- PROBLEM
Wherever the word "from" appears in the entries, copy the whole line.

- DATA TO PROCESS
%%
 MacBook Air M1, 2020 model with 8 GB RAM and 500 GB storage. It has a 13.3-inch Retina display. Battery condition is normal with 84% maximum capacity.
%%
%%
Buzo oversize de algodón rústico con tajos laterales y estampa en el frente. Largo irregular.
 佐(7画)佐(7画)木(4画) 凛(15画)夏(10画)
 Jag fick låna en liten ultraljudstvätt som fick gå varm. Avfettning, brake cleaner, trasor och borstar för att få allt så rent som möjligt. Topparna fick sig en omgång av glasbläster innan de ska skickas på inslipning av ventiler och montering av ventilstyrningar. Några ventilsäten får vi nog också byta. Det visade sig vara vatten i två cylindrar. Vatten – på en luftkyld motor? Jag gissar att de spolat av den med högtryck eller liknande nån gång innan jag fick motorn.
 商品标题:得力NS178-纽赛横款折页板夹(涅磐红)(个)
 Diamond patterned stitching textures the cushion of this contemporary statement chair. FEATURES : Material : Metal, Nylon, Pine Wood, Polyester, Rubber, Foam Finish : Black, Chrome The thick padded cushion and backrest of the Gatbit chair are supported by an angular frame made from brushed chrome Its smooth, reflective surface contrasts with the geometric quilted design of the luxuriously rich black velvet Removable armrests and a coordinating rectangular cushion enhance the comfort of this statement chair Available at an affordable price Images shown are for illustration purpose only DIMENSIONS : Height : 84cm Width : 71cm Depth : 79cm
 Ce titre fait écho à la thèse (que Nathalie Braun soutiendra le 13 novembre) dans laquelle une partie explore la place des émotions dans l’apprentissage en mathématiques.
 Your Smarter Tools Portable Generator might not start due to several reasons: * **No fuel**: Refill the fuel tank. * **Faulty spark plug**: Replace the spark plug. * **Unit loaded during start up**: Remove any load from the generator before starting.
%%
- ANSWER SECTION
 Diamond patterned stitching textures the cushion of this contemporary statement chair. FEATURES : Material : Metal, Nylon, Pine Wood, Polyester, Rubber, Foam Finish : Black, Chrome The thick padded cushion and backrest of the Gatbit chair are supported by an angular frame made from brushed chrome Its smooth, reflective surface contrasts with the geometric quilted design of the luxuriously rich black velvet Removable armrests and a coordinating rectangular cushion enhance the comfort of this statement chair Available at an affordable price Images shown are for illustration purpose only DIMENSIONS : Height : 84cm Width : 71cm Depth : 79cm
 Your Smarter Tools Portable Generator might not start due to several reasons: * **No fuel**: Refill the fuel tank. * **Faulty spark plug**: Replace the spark plug. * **Unit loaded during start up**: Remove any load from the generator before starting.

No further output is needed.